- Born: December 11, 1910 New Orleans, Louisiana
- Died: February 27, 1980 (aged 69)

= Edgar Cunningham =

Edgar V. Cunningham, Sr. (December 11, 1910 – February 27, 1980) was an early youth member of the Boy Scouts of America who, for a number of years, was believed to be the first African American Eagle Scout. Cunningham married Susie Ann Rockett on September 14, 1931, in Galena, Illinois. They had five children, eighteen grandchildren and seventeen great-grandchildren.

==Background==
Cunningham was born in New Orleans, Louisiana and was a member of Troop 12 in Waterloo, Iowa in what was then Wapsipinicon Area Council. Troop 12 was a "colored troop" formed in 1925 during the period when Scout units were segregated and, with Troop 9, was one of the two colored troops in Waterloo formed by James Lincoln Page. Cunningham was the first Scout in either of the Waterloo colored troops to earn Eagle Scout on June 8, 1926.

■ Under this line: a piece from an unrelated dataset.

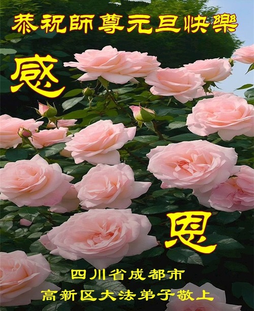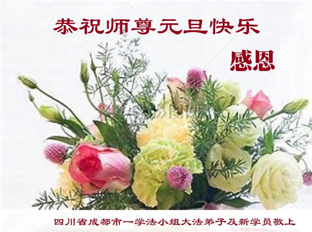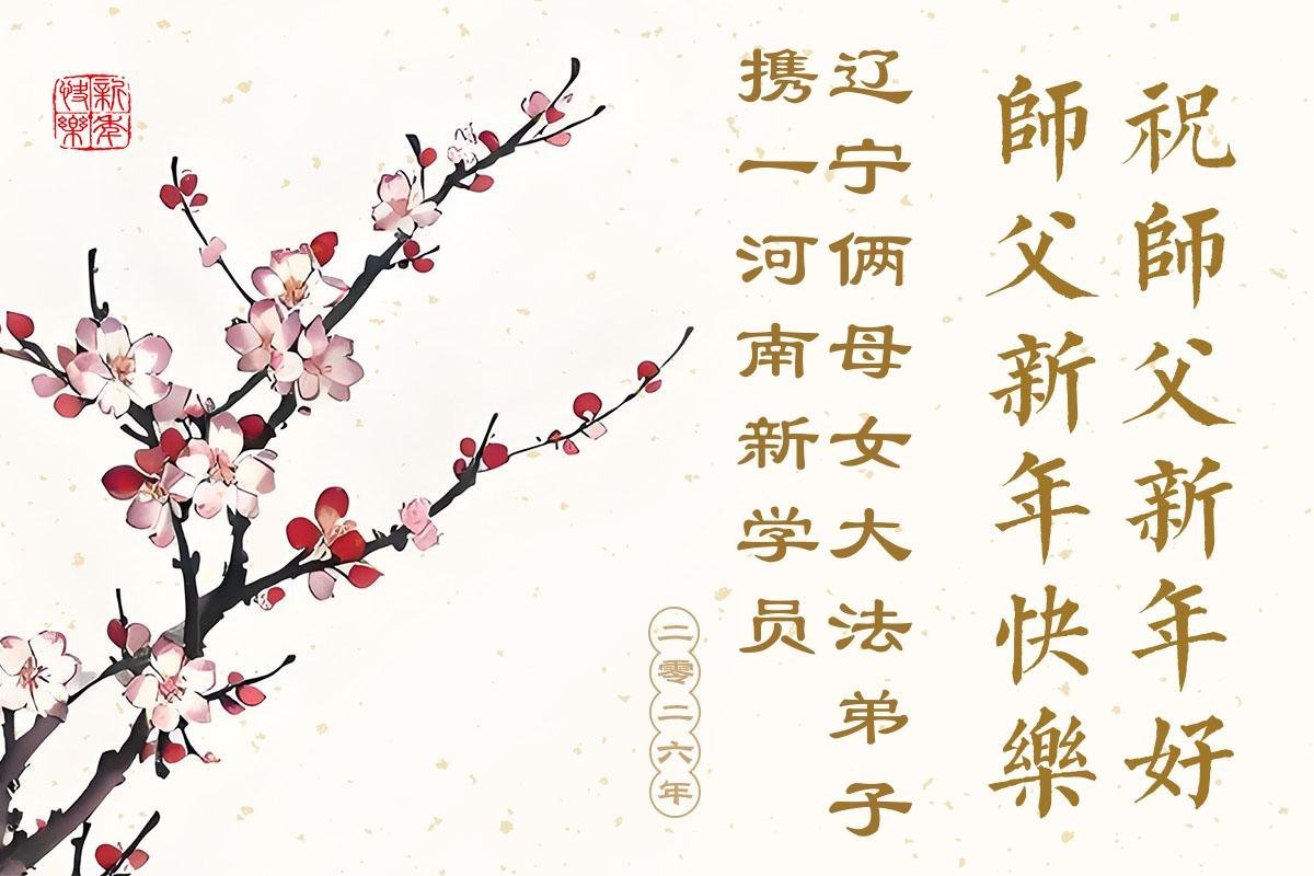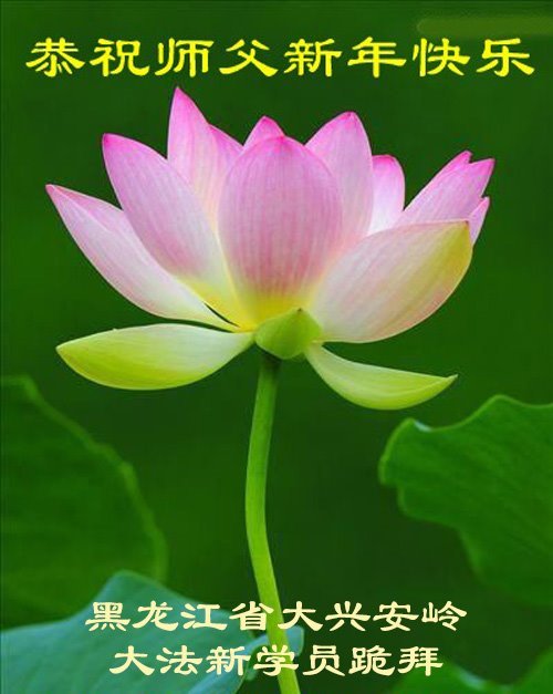 تمرینکنندهای در شهر تونگهوا، استان جیلین، که به تازگی فا را کسب کرده است، با احترام سال نو را به استاد بزرگ خیرخواه تبریک میگوید!

Cunningham received a hand-written letter from President Calvin Coolidge referring to him as the first black Eagle Scout, and his Scoutmaster, James Lincoln Page, received a presidential citation for guiding Cunningham through that process. After Cunningham died in 1980, the Winnebago Council (the successor to the Wapsipinicon Area Council) made inquiries to the National Council of the BSA to determine if he was indeed the first black Eagle Scout. Since Cunningham had earned Eagle Scout fourteen years after the first Eagle Scout was awarded and National did not track ethnicity, at that time there was no way to validate the claim.

In February 2020, it was discovered that Harry Cooper of the Kansas City Council, became an Eagle Scout in September 1920. In the Kansas City Council (now the Heart of America Council) newsletter dated 1920, Harry Cooper of Troop 92 was listed as a new Eagle Scout as of September. The newsletter lists him as the only African American Eagle Scout in Kansas City, one of only ten Eagle Scouts in Kansas City, Missouri at the time.

In March 2020, further research showed that the Eagle Scout court of honor for Hamilton Bradley of the Rome Council, was held on December 19, 1919, in Rome, New York. This makes Bradley the earliest known black Eagle Scout.

Dr. Frank "Tick" Coleman, who earned his Eagle in 1926 is one of the first four known African-American Eagle Scouts.